» PROBLEM DETAILS:
No picture belongs in the copy. Repeat each line below exactly.

» DATA PROVIDED:
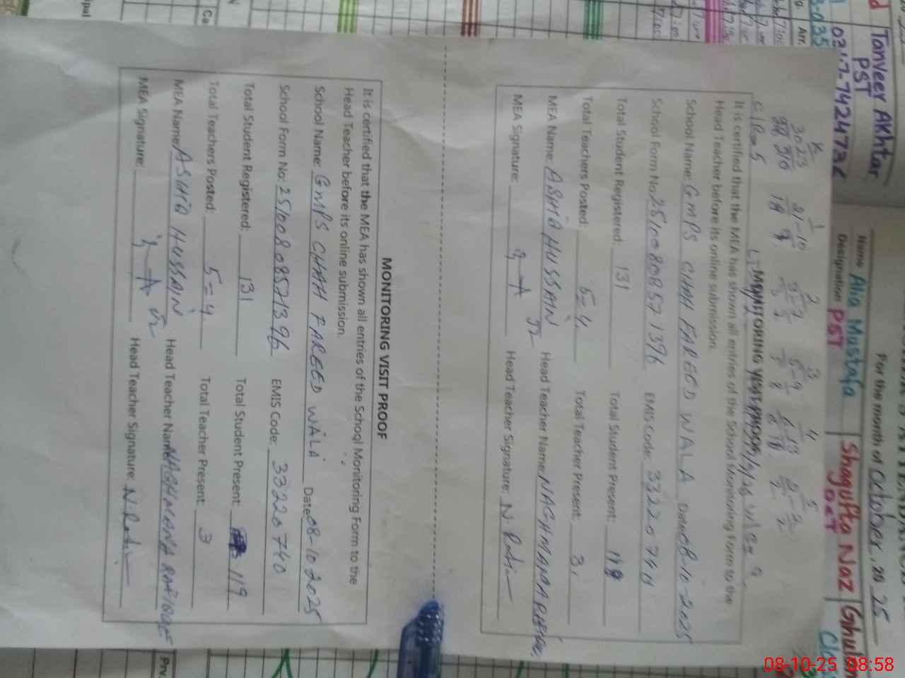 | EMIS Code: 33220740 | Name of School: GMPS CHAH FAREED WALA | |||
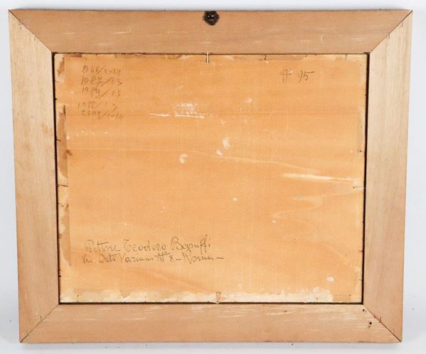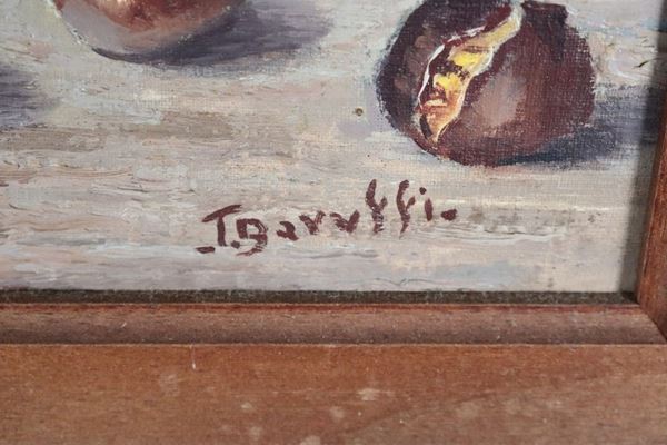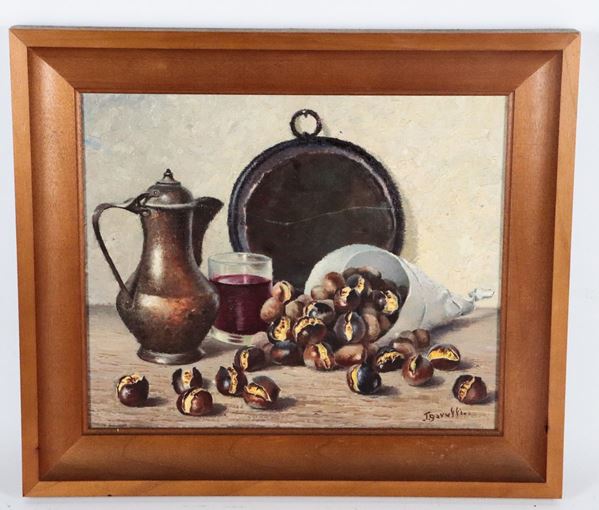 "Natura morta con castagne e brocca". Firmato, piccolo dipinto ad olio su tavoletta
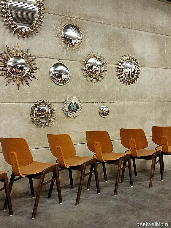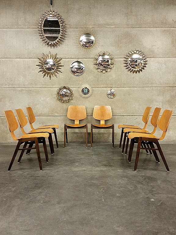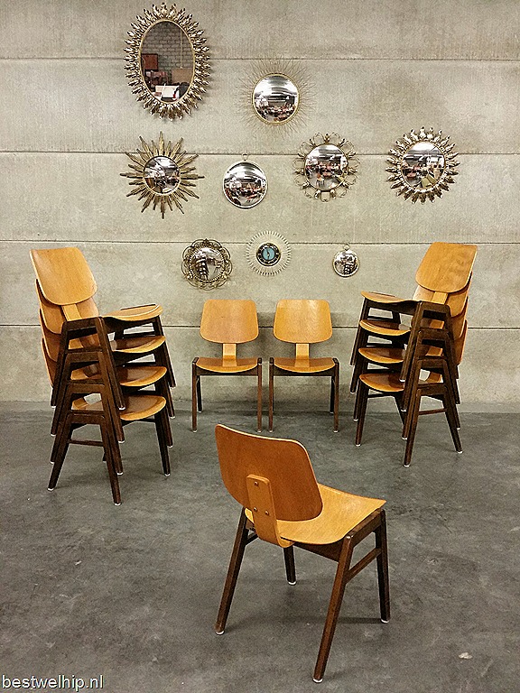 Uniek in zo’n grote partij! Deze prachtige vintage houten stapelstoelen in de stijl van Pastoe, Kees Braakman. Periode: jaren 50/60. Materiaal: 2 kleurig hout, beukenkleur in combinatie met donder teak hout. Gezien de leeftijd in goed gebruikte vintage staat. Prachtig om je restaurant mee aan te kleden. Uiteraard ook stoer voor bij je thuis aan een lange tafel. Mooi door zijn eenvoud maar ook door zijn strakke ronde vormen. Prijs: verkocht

» SOLVED EXERCISE:
 | EMIS Code: 33220740 | Name of School: GMPS CHAH FAREED WALA | |||
 "Natura morta con castagne e brocca". Firmato, piccolo dipinto ad olio su tavoletta
 Uniek in zo’n grote partij! Deze prachtige vintage houten stapelstoelen in de stijl van Pastoe, Kees Braakman. Periode: jaren 50/60. Materiaal: 2 kleurig hout, beukenkleur in combinatie met donder teak hout. Gezien de leeftijd in goed gebruikte vintage staat. Prachtig om je restaurant mee aan te kleden. Uiteraard ook stoer voor bij je thuis aan een lange tafel. Mooi door zijn eenvoud maar ook door zijn strakke ronde vormen. Prijs: verkocht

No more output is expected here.